→ **TASK DETAILS**:
What you should give back is a precise copy of the lines below from the one containing "А дальше то" through the one containing "Epping. | |", with no pictures.

(TASK INPUT Opens)

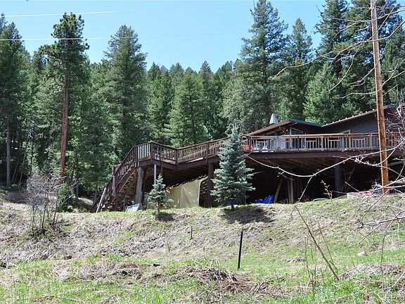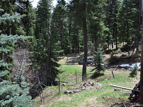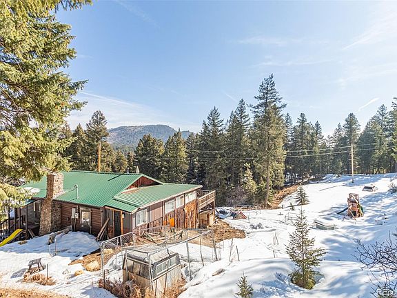 Charming log cabin close to Denver tucked away on a serene hillside lot with towering pines surrounding it! Come inside to see vaulted ceilings, plush carpeting/tile/wood floors, a large living room, wood walls, and a family room boasting a classic wood-burning stove fireplace for cozy evenings. The kitchen comes with wood cabinetry, built-in appliances, and sliding doors that open onto the deck, seamlessly blending indoor comfort with the great outdoors. The bedrooms are thoughtfully sized, ensuring privacy and comfort. Updated bathroom with a tiled tub/shower combination! Venture outside onto the deck to relax and immerse yourself in the scenic vistas of the dense forest and awe-inspiring mountain views. Don't miss this idyllic retreat from the hustle and bustle of daily life!
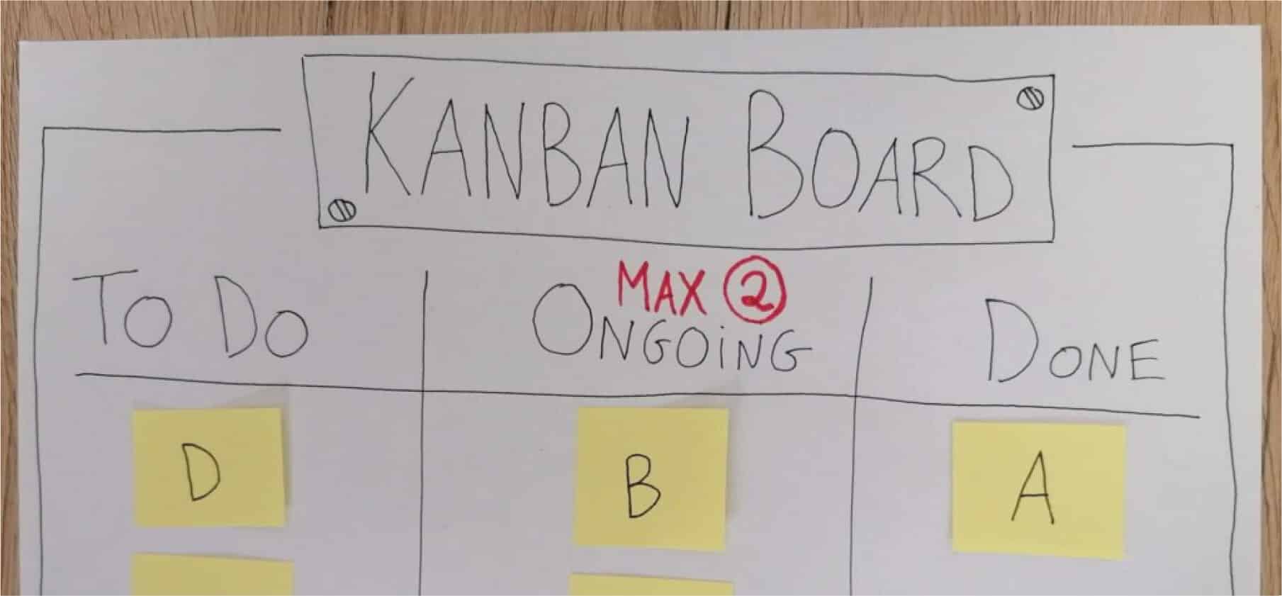 Nu kan je een pull-systeem creëren door een maximum te kleven op het aantal taken dat ‘In Progress’ kan zijn. Kies je bijvoorbeeld om gelijktijdig maximum aan twee taken te werken, kan je nu uit je ‘Backlog’ twee taken kiezen die absolute prioriteit krijgen. Deze taken kleef je in de tweede kolom en ga je vervolgens aan werken. Eenmaal een taak is afgewerkt, kleef je de post-it in de derde kolom. Hierdoor heb je terug plaats in de tweede kolom want daar mogen er maximum twee taken kleven. Je kiest opnieuw een taak uit de eerste kolom waar je nu aan gaat werken en kleeft deze taak in de tweede kolom, enzoverder.
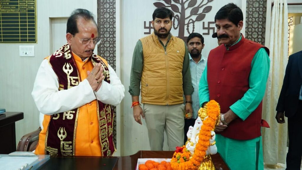 बिहार के उपमुख्यमंत्री श्री विजय कुमार सिन्हा ने आज पटना स्थित खान एवं भूतत्व विभाग के कार्यालय में मंत्री के रूप में औपचारिक रूप से पदभार ग्रहण किया। इस अवसर पर विभाग के सचिव, निदेशक एवं सभी वरीय अधिकारियों ने फूल-गुलदस्तों से उनका हार्दिक स्वागत एवं अभिनंदन किया।
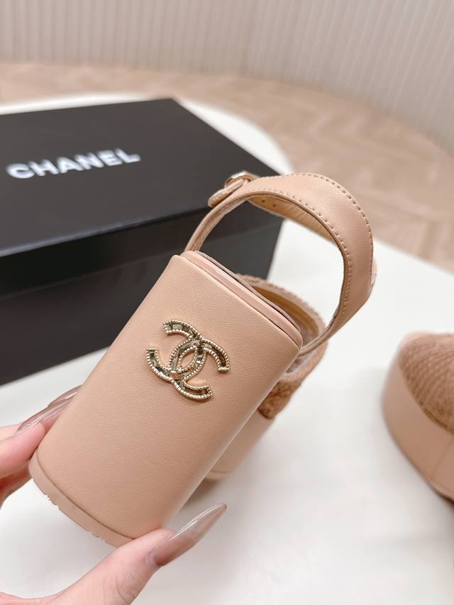 出 25Ss春夏新款Chanel香奈儿 坡跟厚底凉鞋双C编织镂空防水台高跟凉鞋
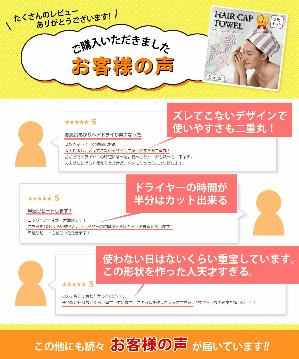 【ランキング1位獲得】タオルキャップ 2枚セット ヘアタオルキャップ ドライキャップ タオルドライ 吸水タオル タオルキャップ レディース ヘアターバン ヘアバンド マイクロファイバー お風呂上がり バス用品 ヘアタオル マイクロファイバーヘアキャップ 吸水性を格段にUPしたヘアータオルキャップ、あなたの大切な毎日の時間を短縮する魔法のアイテム 毎日使うものだから♪うれしい同色2枚セット。これで簡単にタオルドライが楽になる!巻いて吸水しておくだけで、髪を乾かす時間が大幅に短縮♪時短で簡単にタオルドライができるかわいい吸水ヘアキャップ♪簡単に着用できるので、空いた時間をスキンケアや自分磨きに♪ホテルなどでも使われる吸水性の高いマイクロファイバー素材を使用し、従来品よりマイクロファイバーの生地感と吸水性をUP!吸水性と肌触りを良くしたことで、着用感もGood♪あなたの髪の保護、湯冷めの防止、自分時間の確保に役立つこと間違いなしです♪※パープルが細めのストライプにリニューアルしております♪ 2
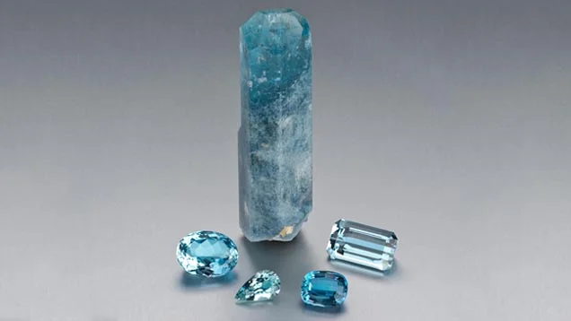 Aquamarine is in the beryl group of minerals. The most valuable and most well-known beryl mineral is emerald, and though these two gemstones share a similar chemical composition, their characteristics are very different. Emerald’s brilliant green color is due to chromium and vanadium, while aquamarine gets its blue to green-blue color from iron impurities. Its famous sea-blue tones can range in intensity from a pale light blue to dark-blue, which is the most sought after and valuable aquamarine color.
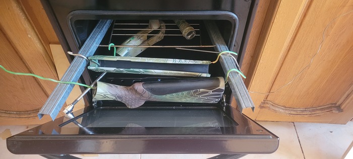 А дальше то что поместилось суши в духовке при определённой температуре, а ствол отдельно опять же в этой трубе и строительным феном
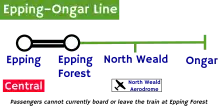 ![]() Services extend only as far as Stonards Hill, although it is planned to extend the line to a new station at Epping. | |
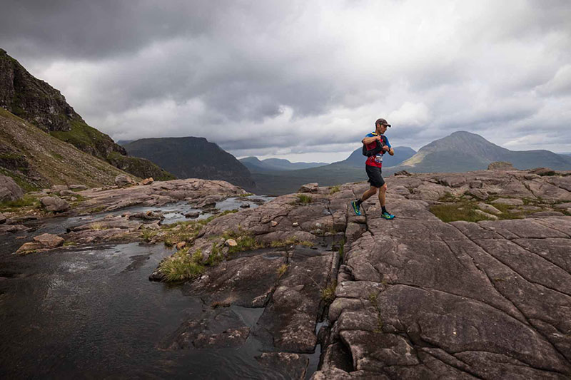 Cape Wrath Ultra 2021 - eventual winner Ian Stewart makes his way through a grand landscape - © No Limits Photography
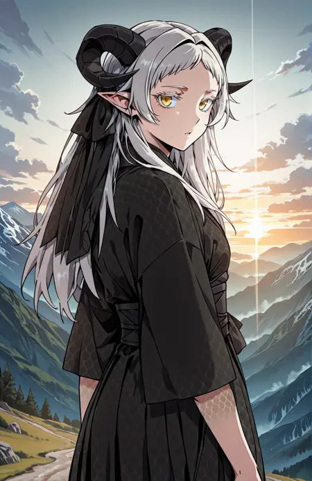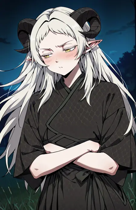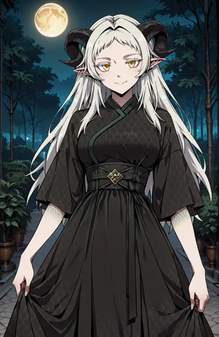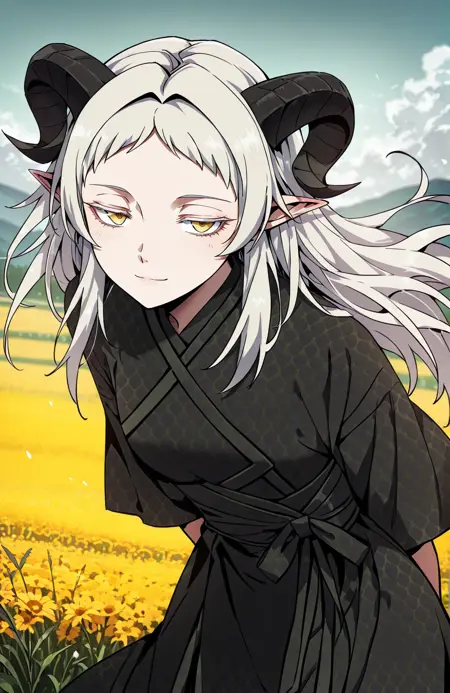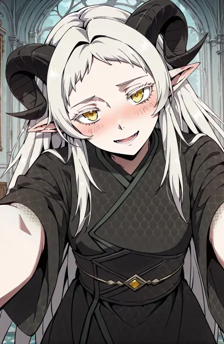Sylvie, 1girl, solo, yellow eyes, white hair, long hair, short bangs, parted bangs, hair between eyes, sidelocks, horns, black horns, pointed ears,

(TASK INPUT Closes)

→ **OUTPUT**:
 А дальше то что поместилось суши в духовке при определённой температуре, а ствол отдельно опять же в этой трубе и строительным феном
 ![]() Services extend only as far as Stonards Hill, although it is planned to extend the line to a new station at Epping. | |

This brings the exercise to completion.